- [Your instructions] In the material below, find each line with the string "style" and copy it.

- [Input records]
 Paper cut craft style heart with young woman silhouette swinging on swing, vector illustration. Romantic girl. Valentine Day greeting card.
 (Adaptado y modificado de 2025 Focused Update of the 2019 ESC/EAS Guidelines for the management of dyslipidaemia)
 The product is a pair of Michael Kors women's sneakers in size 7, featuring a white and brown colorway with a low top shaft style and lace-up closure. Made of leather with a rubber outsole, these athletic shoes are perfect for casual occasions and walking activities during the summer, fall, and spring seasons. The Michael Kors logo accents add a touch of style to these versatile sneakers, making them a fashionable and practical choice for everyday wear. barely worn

* * *

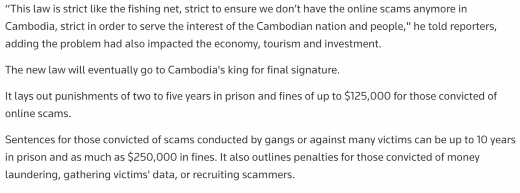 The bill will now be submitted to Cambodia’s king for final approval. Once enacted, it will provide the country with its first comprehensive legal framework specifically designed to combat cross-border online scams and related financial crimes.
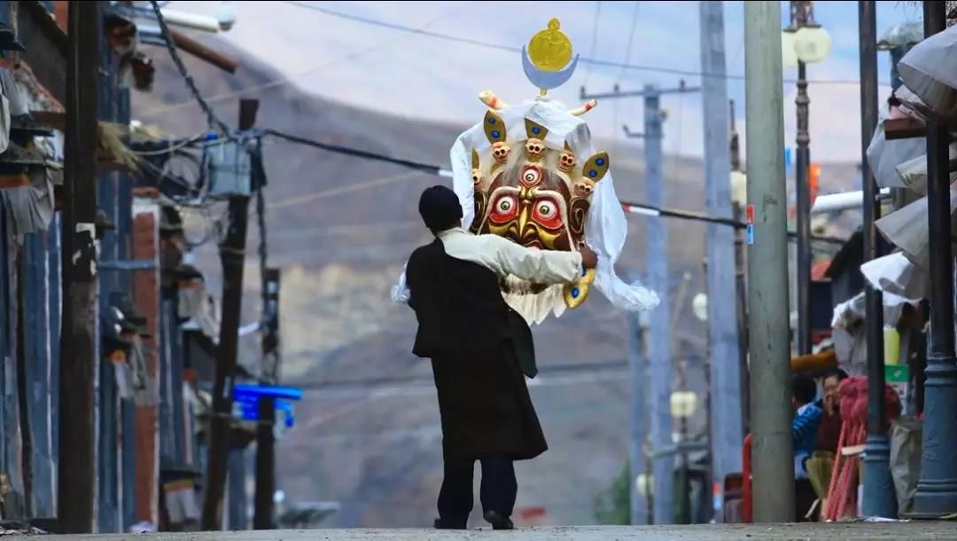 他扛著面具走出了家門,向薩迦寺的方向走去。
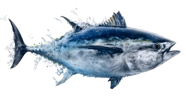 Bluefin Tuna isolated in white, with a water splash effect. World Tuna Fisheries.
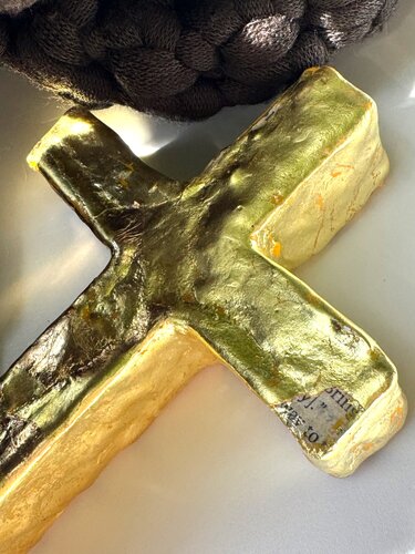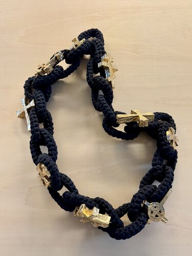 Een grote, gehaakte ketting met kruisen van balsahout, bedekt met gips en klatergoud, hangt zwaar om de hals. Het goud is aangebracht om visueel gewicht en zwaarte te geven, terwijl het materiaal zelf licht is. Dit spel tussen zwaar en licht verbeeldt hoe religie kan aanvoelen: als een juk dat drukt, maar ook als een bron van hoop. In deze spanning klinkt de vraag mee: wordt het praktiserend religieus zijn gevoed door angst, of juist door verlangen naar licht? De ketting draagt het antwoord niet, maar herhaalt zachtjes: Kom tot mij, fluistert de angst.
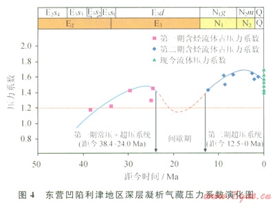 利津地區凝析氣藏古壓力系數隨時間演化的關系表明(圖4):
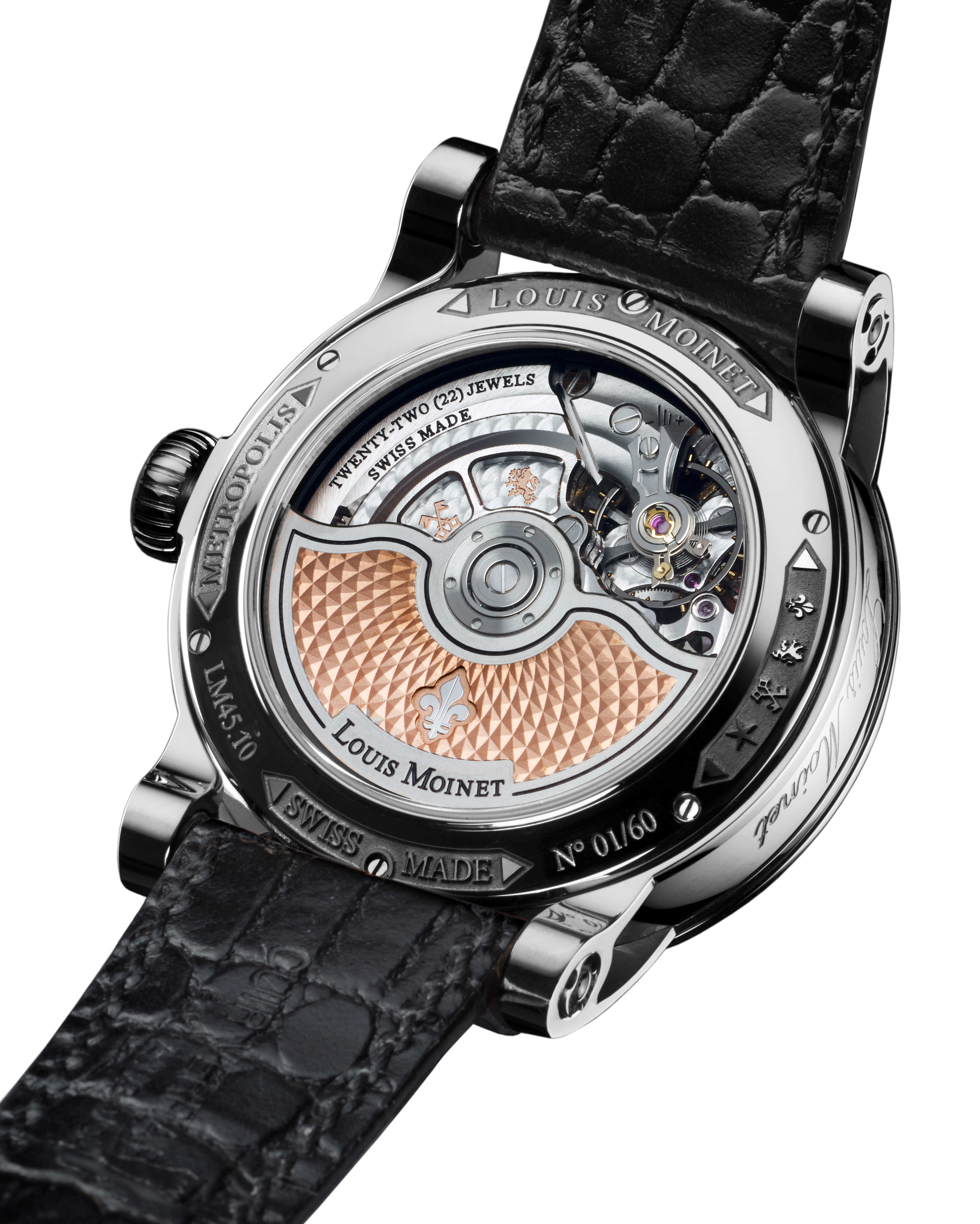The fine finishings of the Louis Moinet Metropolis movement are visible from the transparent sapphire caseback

- [Written reply]
 Paper cut craft style heart with young woman silhouette swinging on swing, vector illustration. Romantic girl. Valentine Day greeting card.
 The product is a pair of Michael Kors women's sneakers in size 7, featuring a white and brown colorway with a low top shaft style and lace-up closure. Made of leather with a rubber outsole, these athletic shoes are perfect for casual occasions and walking activities during the summer, fall, and spring seasons. The Michael Kors logo accents add a touch of style to these versatile sneakers, making them a fashionable and practical choice for everyday wear. barely worn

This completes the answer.